Being online in the early 1990s I saw similar viewpoints promulgated frequently by some DMs, particularly those who still played 1E, or only reluctantly had switched. The majority viewpoint was clearly against them, but I saw lengthy arguments, which clearly were thought-through, about how it was totally righteous to slaughter defenceless women and children.

So whilst I agree that most people who have "evil races" aren't intentionally promulgating some well-considered pro-genocide view, there definitely have been some, including EGG, who absolutely did see it that way. As such it's not surprising that WotC have come out so strongly against this view that they're actually changing how D&D is presented so this view can no longer be attributed to them. They're honestly lucky that some of the stuff EGG said didn't come out nearer the start of 5E, and it still isn't well-known, because the backlash could have been... bad.
As far as I can tell, only a small minority of people support the idea of genocide and infanticide of evil races.

I object to painting everyone who has ever had evil races in their game with the same broad brush, lumping a common game trope in with reprehensible people via vague association. Gygax said some things and quoted a racist so therefore nobody is saying you're a racist if you have evil monsters but ... well you are by proxy agreeing with a racist.
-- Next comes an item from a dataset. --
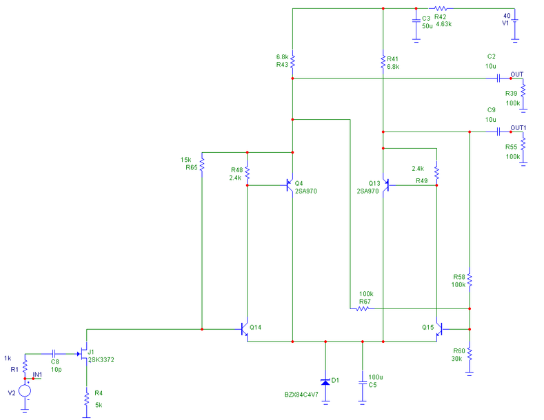 То, что ниже в статье - это так, мысли вслух про возможные варианты. К тем могу еще добавить вариант с одним оу и Т-образной ОС, но на мой взгляд он преимуществ не имеет (кроме экономии одного оу, но это экономия пустая, т.к. по цене ничего не выигрываешь и по габаритам тоже - корпус точно такой же). И еще обсуждался вариант по снижению нелинейных искажений самого капсуля (вернее полевого транзистора в нем), путем перевода оного в "линейную" область. Для этого нужно снизить напряжение на капсуле с 2В до примерно 0,35В - см. графики ниже. Такой вариант требует специальной схемы для компенсации температурного дрейфа полевика. Те, кто сильно заморачиваются параметром THD в своем микрофоне (по данным симулятора искажения падают в 10 раз - с 0,45 до 0,05%, на самом деле может быть и по другому - в микрофоне есть еще другие источники искажаний), могут попробовать заменить источник опорного напряжения (у меня это светодиод) на схему, выдающую напряжение 0,35В при 20 градусах и имеющую температурный коэффициент 2,0-2,2мВ на градус (плюс, т.е. с ростом температуры напряжение должно повышаться).

Give me a break. People make all sorts of decisions for their games for all sorts of reason. Just because some people disagree with some of those decisions does not give them the right to lump everyone together. Sometimes a cigar is just a cigar. Sometimes monster in a game is just a monster in a game.
 


HammerMan

Legend
I have run several games where, for realism sake, non-combatants of an otherwise antagonistic faction were present. I've never had a PC decide the best course is to slay them all.
yeah, TBH i have never met anyone who killed children in game and talked about it, and I have never seen it come up even as an option... one exception is the Dragons in 3e (and I don't know what made anyone think having wyrmlings be a threat was a good idea)
 

Mannahnin

Scion of Murgen (He/Him)
Gygax as a biological determinist. Like, I think he is quoted somewhere affirming that literally.
He said that in reference to women not being interested in gaming, yes.

Here:
 

Levistus's_Leviathan

5e Freelancer
yeah, TBH i have never met anyone who killed children in game and talked about it, and I have never seen it come up even as an option... one exception is the Dragons in 3e (and I don't know what made anyone think having wyrmlings be a threat was a good idea)
I have. One of the few times that I've actually been able to be a player instead of the Forever DM was with a friend from college and his cousin. His cousin's character was a Chaotic Stupid Dwarven Barbarian Murder Hobo that's first action in the campaign was to (warning: violence against children and women) murder an infant and its young mother. He got mad at the rest of the table for not being on board with that, and the campaign fell apart after that session.

Granted, that's the only time I've seen a player do anything like that in-game, but it was quite horrific, and does prove that there are players (and, presumably, DMs) out there that do stuff like that.